The pinniped eye is adapted for vision both above and under water. The spherical lens, thick retina, and the well-developed tapetum lucidum increase light sensitivity. With the exception of the walrus, which has small eyes, seals and sea lions have large eyes in relation to body size. The question of whether pinnipeds have color vision is still debated, although behavioral experiments and the presence of both rods and cones in the retina have been documented in some species (e.g., California sea lion, spotted seal, walrus).
Unlike other marine mammals, pinnipeds differ in their need to return to land (or to ice) to give birth. Many pinnipeds (e.g., elephant seal) are extremely polygynous, with successful males mating with dozens of females in a single breeding season. Species that are polygynous tend to breed in large colonies on land where males compete for breeding territories (in otariids) or establish dominance hierarchies (in elephant seals). Because these males must compete for access to females, associated with extreme polygyny is the strong sexual dimorphism seen in elephant seals, including large body size (adult males as much as five times as large as females), elongated proboscis, enlarged canine teeth, and thick skin on the neck. Other phocids (e.g., Weddell seal, harp, ringed, ribbon, bearded, hooded) mate in the water or on ice and show a reduced level of polygyny, which is explained in part by the difficulty in gaining access to females in unstable environments such as pack ice.
Pinnipeds are characterized by sexual bimaturity with females reaching sexual maturity before males. In polygynous species, males require several years of physical maturation following sexual maturity before they successfully compete for access to females. Gestation in most species of pinnipeds averages between 10 and 12 months; walruses have the longest gestation period of 16 months. Most species regulate their reproductive cycle by delayed implantation (from 1.5 to 5 months). Delayed implantation prolongs birth until conditions are more favorable for offspring survival. Pinniped females of all species give birth to a single pup. In most species, pupping occurs in spring or summer.

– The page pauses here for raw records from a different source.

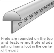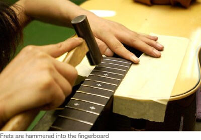 Les frettes, alliage d'argent et de nickel, sont enfoncées dans les touches. Chaque frette a un pied (environ 3 mm) doublé de clous triangulaires alternés. Cette structure permet de les fixer aux touches. Bien que les guitares ont habituellement 20 frettes, chaque frette a une largeur différente, puisque le manche s'épaissit en direction du corps.
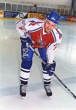 Wladimir Antipin mit dem Siegerpokal der European Hockey League, 1999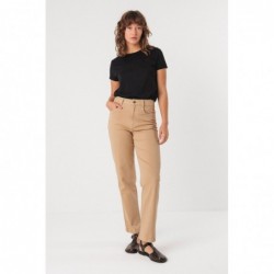 Calça reta confeccionada em algodão orgânico elástico. Fecho de zíper e bolsos frontais para as mãos.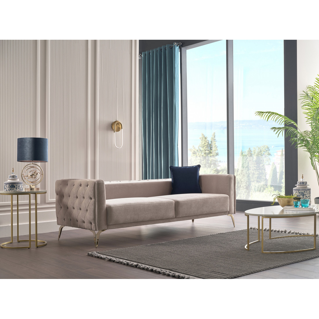 У новинки, на спинке и боковинах присутствует ручная каретная стяжка, придавая ей богатый и благородный внешний вид.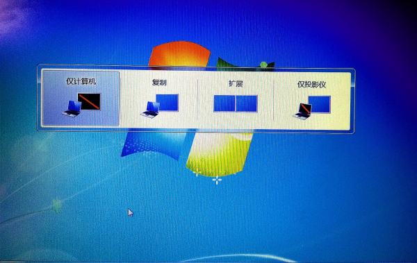 2.此时再在电脑上操作同时按下Windows徽标键+P键选择扩展形式(可以选择仅计算机/复制/扩展/仅投影四种扩展形式)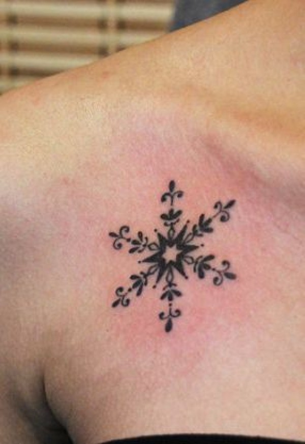 女孩子胸部雪花纹身图案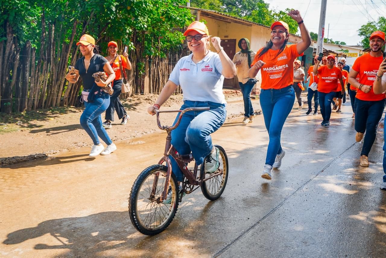 Margarita Guerra pedalea firme rumbo a la Gobernación: El Piñón se volcó a apoyarla bajo la lluvia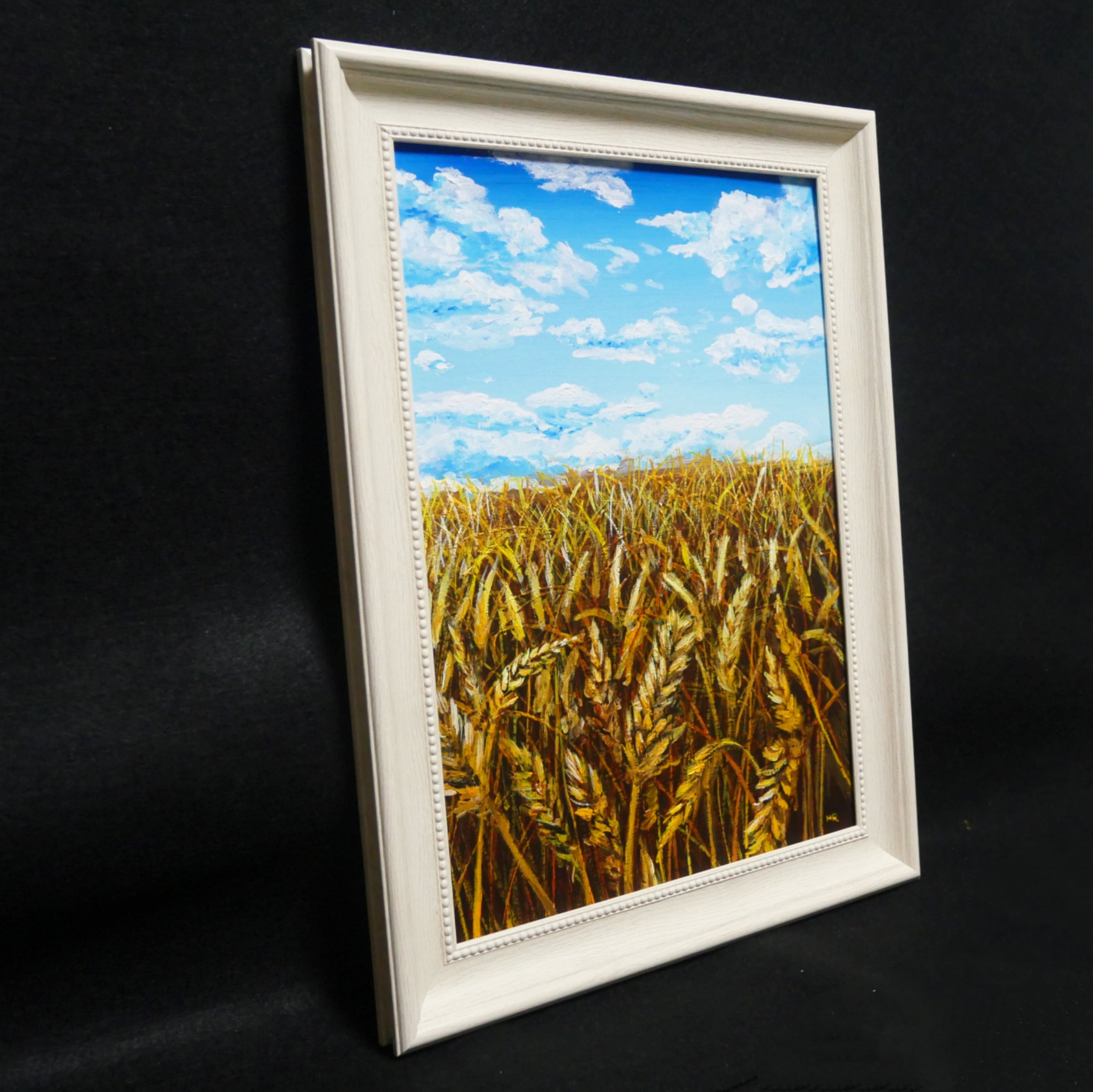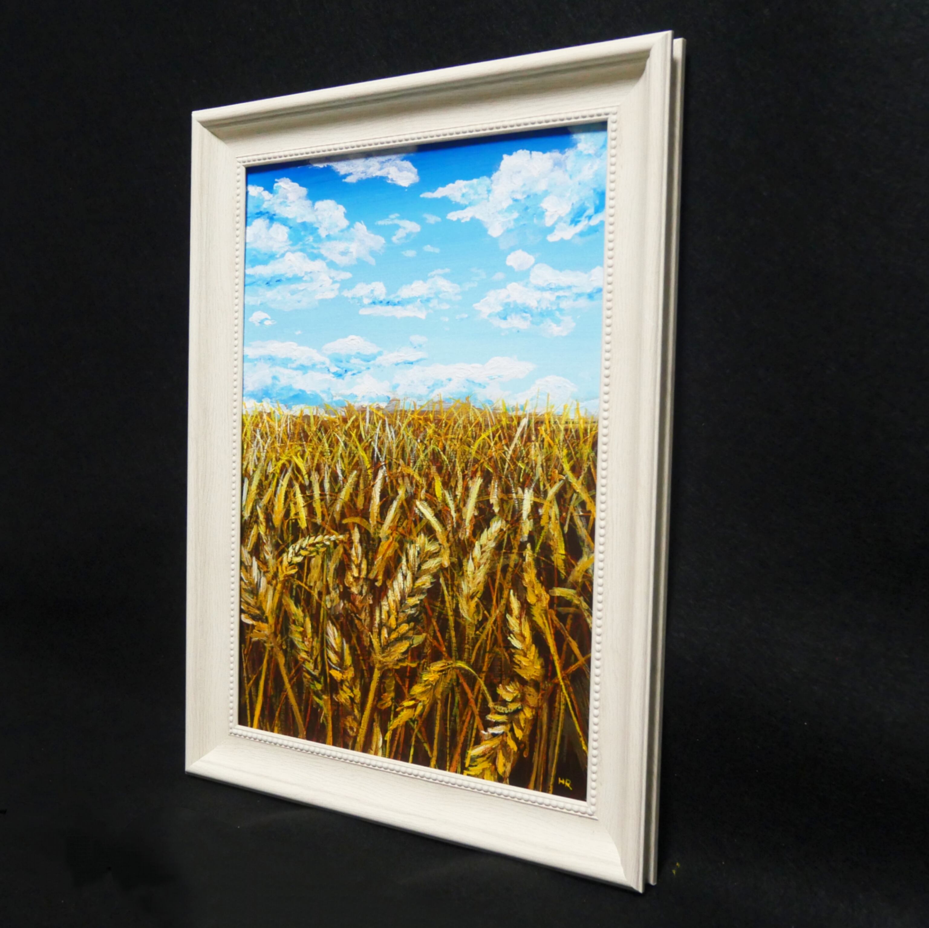 使用されている油絵の具は高品質な【ホルベイン】を用いており、特別な技法で空と雲、麦畑の魅力を最大限に表現しています。「空と雲の麦畑」は、あなたの心に自然の美しさを届ける特別な一品です。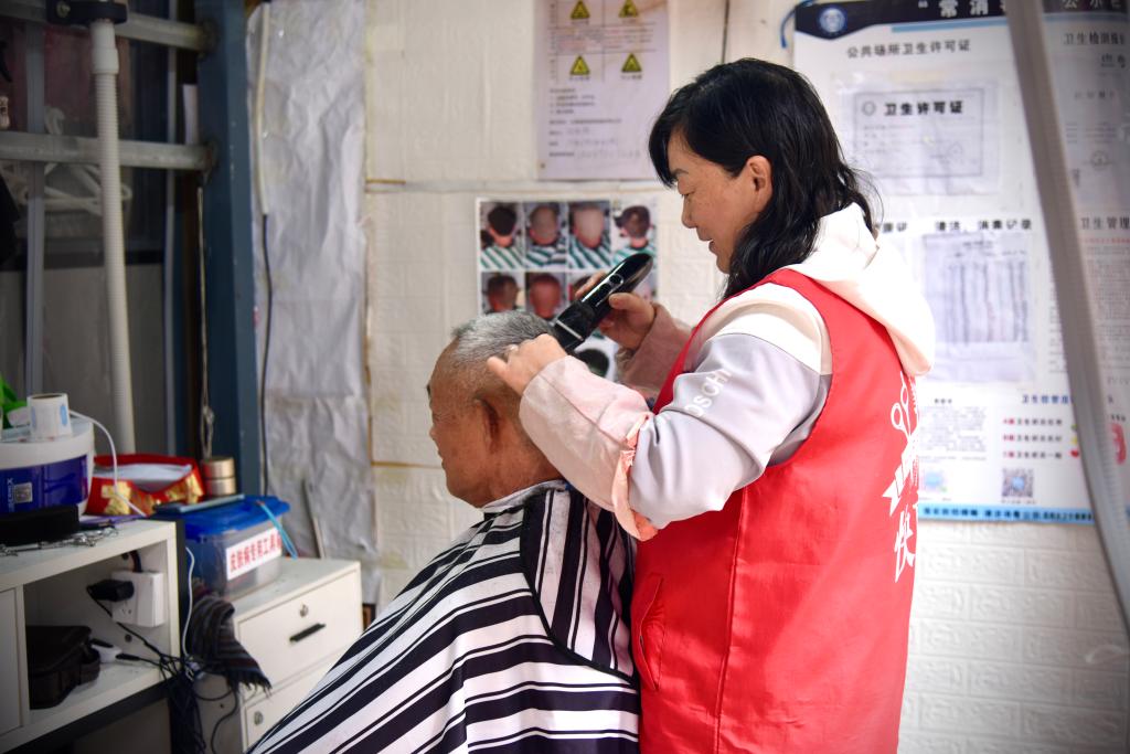 10月28日,昆明市五里多农博广场的便民理发店内,一位老人在理发。新华社记者王贤思 摄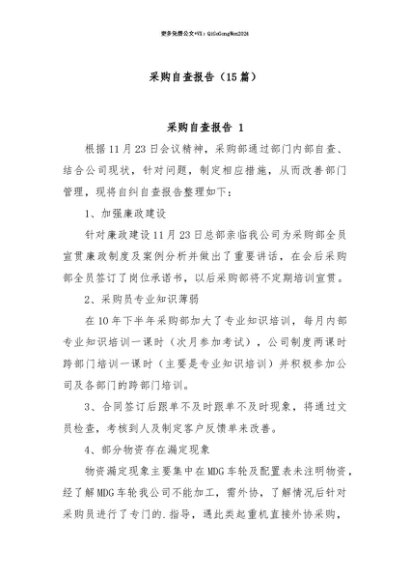 【七哥公文】2025年:【七哥公文】(15篇)采购自查报告+更多免费公文+VX:QiGeGongWen2024+更多免费公文+VX:QiGeGongWen2024
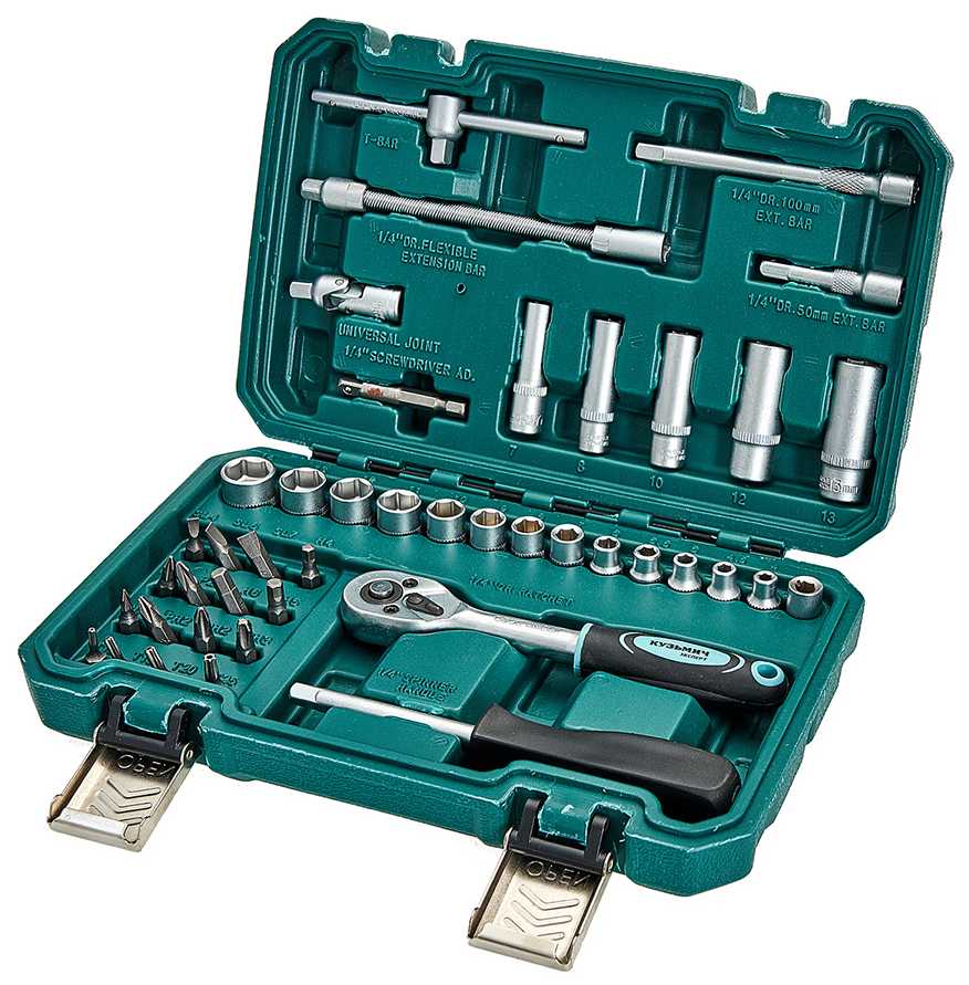 | Ручной инструмент подробно : | рукоятка реверсивная (трещотка) 1/4" с функцией быстрого сброса – 155 мм храповый механизм с 45 зубьями рабочий угол 8°, вороток Т-образный 110 мм, рукоятка для торцевых головок 1/4" |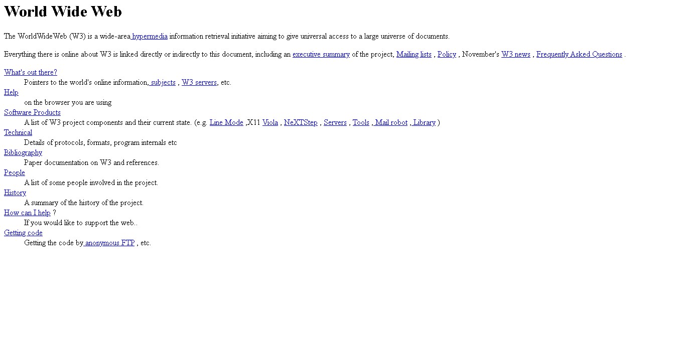 Website yang pertama dirilis pada saat itu hanya menampilkan teks sederhana tanpa variasi font, video, atau gambar. Namun, website tersebut masih ada sampai sekarang dan dapat diakses melalui URL http://info.cern.ch/hypertext/WWW/TheProject.html.

The maternal behaviors and lactation strategies of pinnipeds are influenced by their breeding habitat whether on ice or land. Most phocids exhibit a fasting strategy where females fast completely and remain out of water for the duration of a relatively short lactation, ranging from less than 1 week in hooded seals to almost 8 weeks in the Weddell seal. It has been suggested that the unstable nature of pack ice has selected for the extremely short lactation periods of some ice-breeding phocid seals. To compensate for the brevity of lactation, the milk produced by these species is energy dense, with a fat content up to 60% in some species (i.e., hooded and harp seals). Rapid pup growth is ensured by the richness of the milk. In the foraging cycle strategy of most otariids, mothers fast for only a few days following the birth of pups. Then the mothers begin foraging trips at sea, leaving their pups for a few days at a time. The lactation period of otariids are longer, ranging from several months to more than 1 year, and milk is generally less energy dense than in phocids (e.g., milk fat content averaging between 24 and 40%). Walruses exhibit a variant of the otariid strategy, termed the aquatic nursing strategy, in which walrus pups accompany their mothers on foraging trips into the water. The length of lactation in walruses is the longest among pinnipeds, lasting 2 or 3 years.
Among generalizations that can be made about pinniped longevity is that females, especially those of polygynous species, tend to live longer than males. In many cases, males do not survive even to the delayed age of sexual maturity. Seals have been known to pup successfully at 24-25 years and live as long as 40 years or more. Significant factors implicated in the natural mortality of pinnipeds include disease (especially morbil-liviruses), predation (e.g., white sharks, killer whales), starvation, and parasites.